Recent Insights Into Electronic Performance, Magnetism and Exchange Splittings in the Cr-substituted CaO

Abstract

The first-principles computations of density functional theory are employed to characterize the structural properties, electronic structures, and ferromagnetism induced by Cr impurities in Ca1-xCrxO compounds at concentrations x = 0. 25, 0.5, and 0.75. The dynamic stability is performed by the phonon spectra calculations. The structural parameters are computed by using Wu-Cohen generalized gradient approximation, while the electronic and magnetic properties are determined by the accurate Tran–Blaha-modified Becke–Johnson exchange potential. The crystal field, direct and indirect exchange splittings were investigated to determine the origin and stability of ferromagnetic state configuration.
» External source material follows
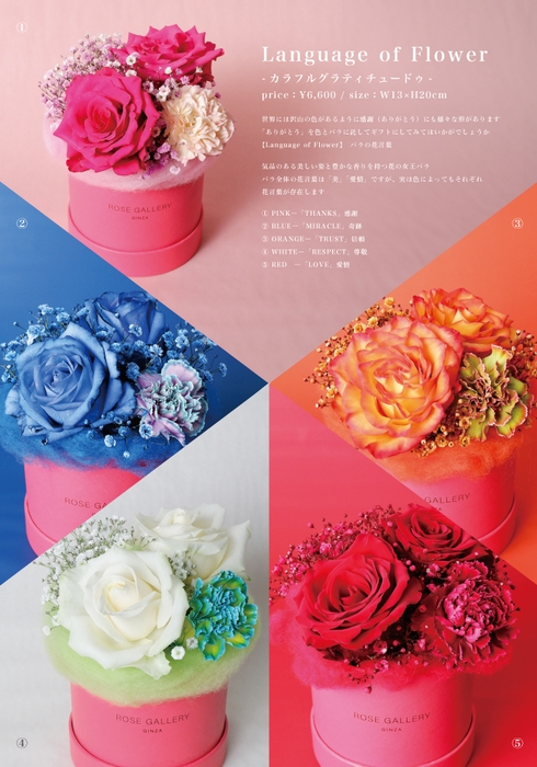 今回はバラの色花言葉にフォーカスして、5色展開の生花アレンジをご用意いたしました。

The Ca1-xCrxO systems have right half-metallicities, which are verified by the spin polarization of 100% and the integer values of total magnetic moments. The Ca0.75Cr0.25O, Ca0.5Cr0.5O, and Ca0.25Cr0.75O are half-metallic ferromagnetic with flip-gaps of 1.495, 0.888, and 0.218 eV, respectively. Therefore, the Ca1-xCrxO materials are suitable candidates for possible applications of spin-injection in future semiconductors spintronics.